The second (and the one that tends to be more challenging) is letting go of someone who may have only come into your life as a lesson. These are people who are not on the same path as you, but have come into your life to help you become clear on who you are and what you want.
As I mentioned before, every relationship serves a purpose. In the first group, that purpose is evolving. In the second group, that purpose becomes complete.
The biggest difference between the two is that one person wants to love you, and so they are willing to move with God, with you, even if that means the relationship needs to evolve. The other person does not want to love you, and so all they offer you is unease and mistreatment.
You may still have blocks to work through with the first group and they may not even be consciously healing their relationship with God, but they are humble and learning, and they desire (and choose) love at the core.
The second group does not want love. They want ego. They will suffer and they will demand that you suffer with them. You must say no to these people if you want to live a healthy, whole, balanced life. There is no middle ground, because ego is diametrically opposed to God’s way.
How can you tell the difference between someone who just has blocks to work through and someone who, at the core, chooses ego? It’s really about humility and willingness to change with God.
Here are some signs you will see with someone who does not choose to go with God:
- They’re judgmental.
- They require that you accommodate their ego and upsets.
- You will find that your relationship with them comes at a high cost to your peace of mind and wellbeing.
- They think their opinion on your life should replace what God is showing you.
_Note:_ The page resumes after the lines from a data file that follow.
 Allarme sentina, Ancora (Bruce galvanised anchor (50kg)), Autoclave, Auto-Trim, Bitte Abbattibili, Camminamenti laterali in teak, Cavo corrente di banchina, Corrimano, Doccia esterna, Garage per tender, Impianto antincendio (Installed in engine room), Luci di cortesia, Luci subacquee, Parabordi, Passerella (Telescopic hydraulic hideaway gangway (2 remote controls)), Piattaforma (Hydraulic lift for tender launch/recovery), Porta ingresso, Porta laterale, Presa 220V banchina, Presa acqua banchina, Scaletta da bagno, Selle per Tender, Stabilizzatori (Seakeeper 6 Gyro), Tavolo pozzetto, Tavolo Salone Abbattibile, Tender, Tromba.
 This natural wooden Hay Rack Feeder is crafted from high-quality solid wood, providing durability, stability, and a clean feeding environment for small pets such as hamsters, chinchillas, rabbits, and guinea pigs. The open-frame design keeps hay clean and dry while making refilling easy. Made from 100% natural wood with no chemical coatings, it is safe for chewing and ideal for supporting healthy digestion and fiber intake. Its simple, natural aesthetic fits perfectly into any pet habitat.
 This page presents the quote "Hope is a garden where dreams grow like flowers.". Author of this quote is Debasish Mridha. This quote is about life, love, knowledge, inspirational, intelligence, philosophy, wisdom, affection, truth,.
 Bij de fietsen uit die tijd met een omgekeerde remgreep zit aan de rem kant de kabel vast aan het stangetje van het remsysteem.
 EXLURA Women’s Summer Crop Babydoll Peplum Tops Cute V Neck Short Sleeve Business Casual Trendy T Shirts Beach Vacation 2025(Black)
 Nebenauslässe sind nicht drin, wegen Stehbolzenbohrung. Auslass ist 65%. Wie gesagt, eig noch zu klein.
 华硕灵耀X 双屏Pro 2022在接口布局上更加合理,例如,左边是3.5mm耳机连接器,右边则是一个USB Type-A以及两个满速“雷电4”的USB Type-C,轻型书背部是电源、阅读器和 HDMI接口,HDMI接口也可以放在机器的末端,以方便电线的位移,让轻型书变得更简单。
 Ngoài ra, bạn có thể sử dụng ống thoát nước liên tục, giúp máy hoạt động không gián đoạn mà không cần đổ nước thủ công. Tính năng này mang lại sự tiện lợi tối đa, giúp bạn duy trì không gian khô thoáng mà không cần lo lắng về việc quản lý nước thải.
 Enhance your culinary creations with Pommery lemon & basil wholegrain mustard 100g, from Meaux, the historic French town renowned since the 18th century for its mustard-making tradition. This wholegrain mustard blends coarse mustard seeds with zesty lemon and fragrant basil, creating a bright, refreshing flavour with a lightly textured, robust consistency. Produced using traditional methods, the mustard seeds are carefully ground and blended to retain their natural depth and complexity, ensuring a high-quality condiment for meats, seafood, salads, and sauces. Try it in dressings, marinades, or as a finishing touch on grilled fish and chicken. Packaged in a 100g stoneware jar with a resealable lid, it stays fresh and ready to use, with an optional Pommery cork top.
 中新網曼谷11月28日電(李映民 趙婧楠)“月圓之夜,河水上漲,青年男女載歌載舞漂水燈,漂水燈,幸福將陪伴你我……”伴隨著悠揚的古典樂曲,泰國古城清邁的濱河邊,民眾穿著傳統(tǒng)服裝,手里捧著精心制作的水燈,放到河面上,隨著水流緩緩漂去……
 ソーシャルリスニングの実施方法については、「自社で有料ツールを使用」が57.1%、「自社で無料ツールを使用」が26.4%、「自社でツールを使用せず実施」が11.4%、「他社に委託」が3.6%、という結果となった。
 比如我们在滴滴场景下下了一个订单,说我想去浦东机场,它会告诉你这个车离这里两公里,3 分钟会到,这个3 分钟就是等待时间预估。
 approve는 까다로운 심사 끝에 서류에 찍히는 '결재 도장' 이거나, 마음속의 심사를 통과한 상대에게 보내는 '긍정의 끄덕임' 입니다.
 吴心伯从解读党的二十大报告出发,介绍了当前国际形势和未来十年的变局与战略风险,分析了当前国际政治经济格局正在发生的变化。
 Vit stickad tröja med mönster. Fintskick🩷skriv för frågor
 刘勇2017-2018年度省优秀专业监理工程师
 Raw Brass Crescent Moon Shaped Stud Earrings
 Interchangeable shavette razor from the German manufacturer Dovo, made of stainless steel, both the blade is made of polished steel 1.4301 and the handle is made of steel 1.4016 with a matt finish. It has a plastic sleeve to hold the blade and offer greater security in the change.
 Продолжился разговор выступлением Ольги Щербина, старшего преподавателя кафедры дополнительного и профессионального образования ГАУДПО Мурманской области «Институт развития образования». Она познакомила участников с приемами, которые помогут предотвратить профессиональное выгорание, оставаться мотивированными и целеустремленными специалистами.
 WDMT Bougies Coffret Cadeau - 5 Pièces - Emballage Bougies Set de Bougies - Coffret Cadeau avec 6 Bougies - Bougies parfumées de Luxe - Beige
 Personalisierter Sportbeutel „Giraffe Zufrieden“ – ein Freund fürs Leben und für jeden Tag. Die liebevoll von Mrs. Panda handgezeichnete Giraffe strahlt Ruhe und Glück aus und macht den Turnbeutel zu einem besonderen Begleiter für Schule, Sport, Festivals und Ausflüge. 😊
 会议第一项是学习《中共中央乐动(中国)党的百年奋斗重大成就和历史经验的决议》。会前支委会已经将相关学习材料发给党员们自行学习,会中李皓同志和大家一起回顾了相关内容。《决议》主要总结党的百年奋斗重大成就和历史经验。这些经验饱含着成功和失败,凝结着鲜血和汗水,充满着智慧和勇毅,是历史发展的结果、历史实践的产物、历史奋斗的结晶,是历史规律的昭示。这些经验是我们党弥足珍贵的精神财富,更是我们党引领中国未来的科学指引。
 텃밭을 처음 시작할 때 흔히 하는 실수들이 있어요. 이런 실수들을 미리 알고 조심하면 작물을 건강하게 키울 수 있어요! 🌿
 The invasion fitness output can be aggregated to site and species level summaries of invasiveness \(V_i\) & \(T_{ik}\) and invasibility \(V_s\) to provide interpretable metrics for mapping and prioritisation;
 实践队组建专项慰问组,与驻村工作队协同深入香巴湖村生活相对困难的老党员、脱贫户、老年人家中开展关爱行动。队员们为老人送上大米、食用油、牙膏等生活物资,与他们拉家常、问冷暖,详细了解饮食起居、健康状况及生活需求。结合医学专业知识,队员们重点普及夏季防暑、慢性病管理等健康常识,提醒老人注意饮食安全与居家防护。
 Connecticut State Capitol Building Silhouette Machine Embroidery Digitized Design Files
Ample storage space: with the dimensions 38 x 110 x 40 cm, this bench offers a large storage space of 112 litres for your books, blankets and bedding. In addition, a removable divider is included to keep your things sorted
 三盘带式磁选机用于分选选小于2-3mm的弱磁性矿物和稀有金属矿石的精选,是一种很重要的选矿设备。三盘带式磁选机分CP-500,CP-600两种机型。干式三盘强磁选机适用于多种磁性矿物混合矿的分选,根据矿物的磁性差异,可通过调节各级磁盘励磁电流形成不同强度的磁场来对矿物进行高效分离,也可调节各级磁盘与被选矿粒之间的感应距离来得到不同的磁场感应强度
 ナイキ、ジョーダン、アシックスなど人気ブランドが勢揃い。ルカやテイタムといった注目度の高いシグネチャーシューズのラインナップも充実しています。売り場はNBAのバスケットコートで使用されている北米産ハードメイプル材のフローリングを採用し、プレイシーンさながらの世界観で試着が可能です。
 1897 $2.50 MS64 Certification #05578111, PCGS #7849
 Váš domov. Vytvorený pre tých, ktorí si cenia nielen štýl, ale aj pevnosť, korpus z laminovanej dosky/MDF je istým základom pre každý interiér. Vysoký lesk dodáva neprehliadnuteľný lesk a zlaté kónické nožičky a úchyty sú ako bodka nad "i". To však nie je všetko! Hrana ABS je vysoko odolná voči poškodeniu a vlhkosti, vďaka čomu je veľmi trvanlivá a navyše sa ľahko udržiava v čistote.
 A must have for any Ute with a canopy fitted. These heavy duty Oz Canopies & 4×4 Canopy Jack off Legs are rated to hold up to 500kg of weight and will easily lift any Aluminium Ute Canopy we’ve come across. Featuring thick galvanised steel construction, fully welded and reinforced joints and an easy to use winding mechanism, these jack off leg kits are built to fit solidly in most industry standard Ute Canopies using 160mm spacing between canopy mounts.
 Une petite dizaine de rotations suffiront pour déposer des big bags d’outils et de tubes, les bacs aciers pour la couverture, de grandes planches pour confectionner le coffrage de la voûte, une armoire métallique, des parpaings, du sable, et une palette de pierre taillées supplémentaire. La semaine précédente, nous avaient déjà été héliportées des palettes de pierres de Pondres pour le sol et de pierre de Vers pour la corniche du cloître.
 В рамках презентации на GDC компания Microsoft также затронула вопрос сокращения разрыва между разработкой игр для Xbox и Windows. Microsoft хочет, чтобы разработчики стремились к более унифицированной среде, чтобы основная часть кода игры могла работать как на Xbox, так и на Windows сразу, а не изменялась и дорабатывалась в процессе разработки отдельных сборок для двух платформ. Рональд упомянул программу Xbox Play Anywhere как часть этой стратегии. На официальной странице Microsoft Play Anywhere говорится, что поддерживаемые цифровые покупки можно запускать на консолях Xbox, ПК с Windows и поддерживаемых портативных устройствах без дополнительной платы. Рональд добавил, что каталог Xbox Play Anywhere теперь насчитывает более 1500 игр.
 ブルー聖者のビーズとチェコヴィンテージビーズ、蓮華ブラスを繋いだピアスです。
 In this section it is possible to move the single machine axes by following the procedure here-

- They’re miserable all the time, but still believe they are right.
- They say they’re loving you when they control you or judge you.
- They get upset, angry, or uncomfortable when you claim your personal power and heal.
- They are arrogant about their beliefs. They are not humble and willing to learn.
- They see you as a source of their good instead of honoring you as a fellow child of God.
- They manipulate you and push boundaries to get what they want.
- You generally feel drained when you’re around them.
Remember, anyone can experience the illusion of ego, but these are signs I’ve found from people who desire to cling to their ego and do not want God (or God’s way). If someone exhibits a few of these signs, but are willing to learn and grow, you may be able to salvage the relationship. But, if they don’t, you will have no choice but to let them go if you want to follow God.
I hope this helps you as you heal and move into experiencing more love in your life.
Always remember that you are worthy of only relationships that are mutually loving. As you heal and clear out what is unhealthy in your life, you will make way for God to provide healthy relationships for you that are based on His Love. Relationships that you can grow with, evolve with, and expand with, for all of eternity.